This phase-change behavior is quite common. Some classes, such as
SimpleDateFormat, tend to be used in such a two-phase
manner almost exclusively -- once the formatting options are set, the
formatter may be used many times, but the settings tend not to be
changed after the formatter is "fully initialized." Other classes,
such as Properties or HashMap, are sometimes
used in this two-phase manner, but frequently treated as fully mutable
objects as well. No established name exists to refer to objects that
have this two-phase lifecycle, so I'm going to make one up:
immutable-once-initialized (IOI). IOI objects generally have a
lifecycle that goes something like:
construct-modify-modify-modify-publish-use-use-use.
The self-return idiom
API designers can make life easier for programmers by anticipating
when an object might be used in an IOI manner, and in those
situations, using the "self-return idiom" to facilitate easier
initialization. The self-returning idiom involves having mutator
methods (setXyz() and appendFoo()) return the
this reference after performing their action. The
StringBuffer class illustrates the self-return idiom --
all the append() methods return a reference to the
StringBuffer itself after updating the state of the
internal buffer, as shown in Listing 1:
Listing 1. Self-return idiom in StringBuffer.append()
public StringBuffer append(String str) {
// append str to the internal buffer
return this;
}
|
The benefit of the self-return idiom is that it enables you to chain
multiple calls together, rather than writing them each out as separate
statements:
stringBuffer.append("a=").append(a)
.append("; b=").append(b);
|
This code is more readable and more compact than the alternative,
which involves four statements. Using the self-return idiom generally
has little negative effect on the API design, as many mutative methods
(setters, add() and append()) do not return a
value anyway, but it can make life a lot easier for your callers.

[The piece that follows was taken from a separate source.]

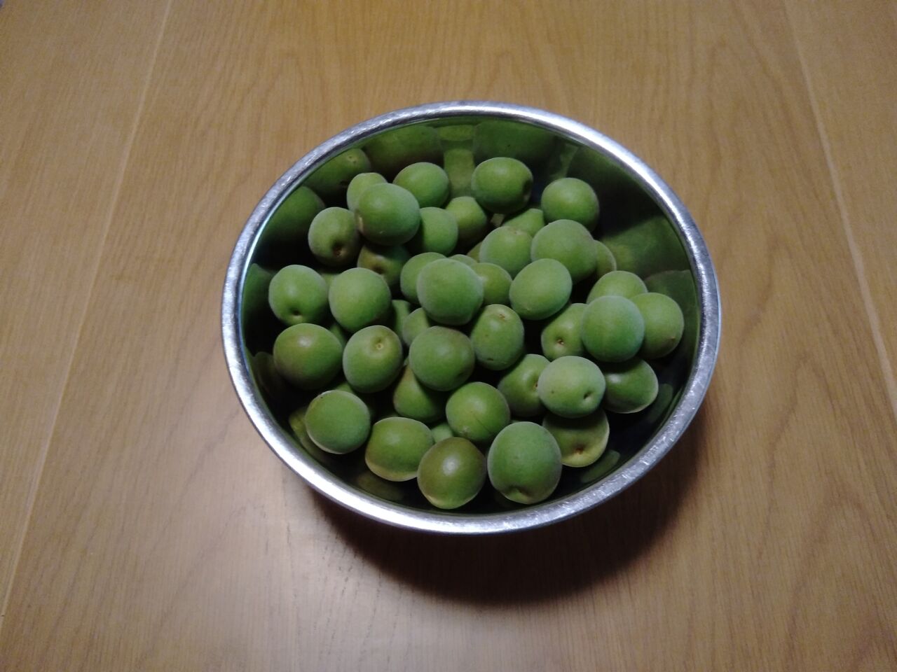 梅ジュースを作ろうと思います。 1kg分だけヘタを取って、水洗いしました。
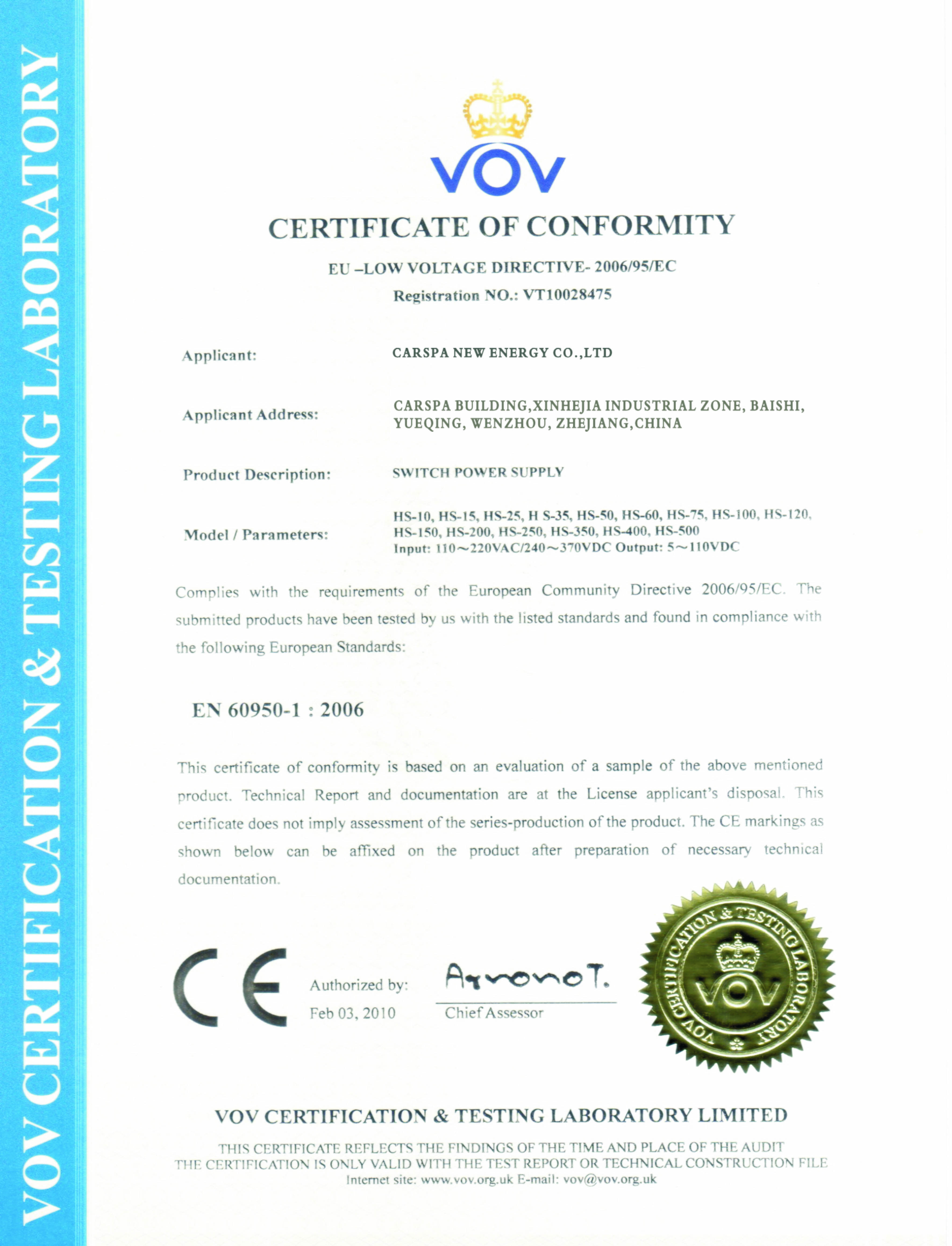 Carspa HS-250/24, Průmyslový spínaný zdroj 24V/10A, 250W

It's
too bad more classes don't follow StringBuffer's lead --
it could make some classes a lot more convenient to use.
Static initialization
How many times have you wanted to statically initialize a Set with
several known values, but not intended your program to modify the Set?

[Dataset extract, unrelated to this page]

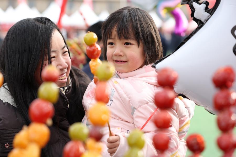 A child chooses a Tanghulu, a traditional Chinese snack consisting of sugar-coated haws or fruits, at a Spring Festival shopping market in Anding District of Dingxi City, northwest China's Gansu Province, Jan. 19, 2026. [Photo/Xinhua]
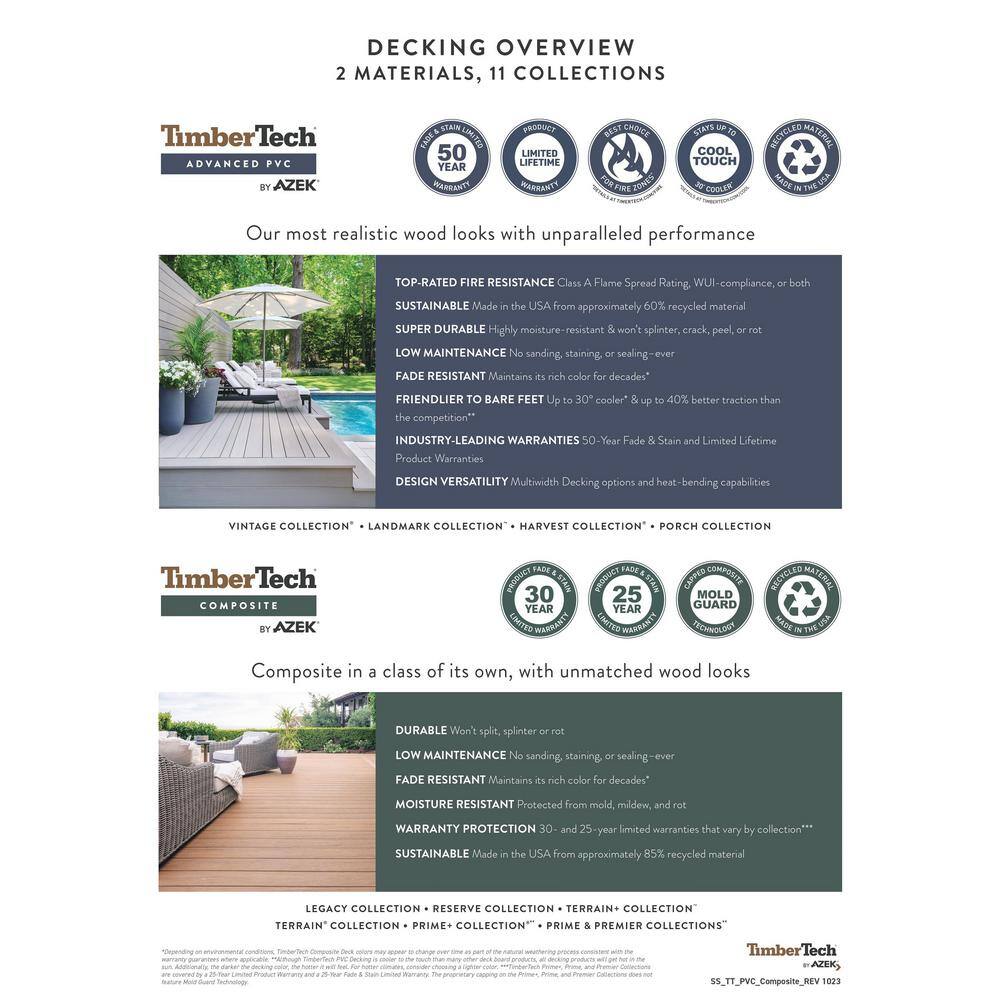Discover low-maintenance elegance with TimberTech's Slate Gray PVC Deck Sample. This board combines the timeless beauty of stained wood with the advanced durability of capped polymer technology, ensuring a stunning, fade-resistant finish without the hassle of sanding or staining.

Using the existing Collections classes, this approach would require a
static initializer block, and for the collection to be initialized in
a different place than it is constructed. Let's say you wanted to
pre-initialize a Set with some regular expression patterns you are
going to search for in a document. Using the existing API, you would
have to do it like Listing 2:
Listing 2. Statically initializing a Set
private static Set<Pattern> patternSet = new HashSet<Pattern>();
static {
s.add(Pattern.compile("\b(roast beef)\b"));
s.add(Pattern.compile("\b(on rye)\b"));
s.add(Pattern.compile("\b(with mustard)\b"));
}
|
Granted, writing a static initializer and putting it near the object's
declaration is not a terrible hardship, but it is somewhat annoying,
and the more that initialization and declaration are separated, the
greater the chance that future modifications will subvert an intended
invariant. Further, if you want to make patternSet
immutable from the perspective of your program (a good practice,
because it prevents subtle coding errors), you would have to
instantiate a temporary Set in the static initializer
block, wrap it with Collections.unmodifiableSet(), and
then stuff the wrapped set back into patternSet.
In this case, it would have been nice if the Collections classes used
the self-return idiom, because then we could have constructed and
initialized the Set all in one place. But we can still
build an adapter that does what we want. Listing 3 shows an adapter
class that simplifies the process of initializing a Set:
Listing 3. Set adapter class that adds self-returning append() methods.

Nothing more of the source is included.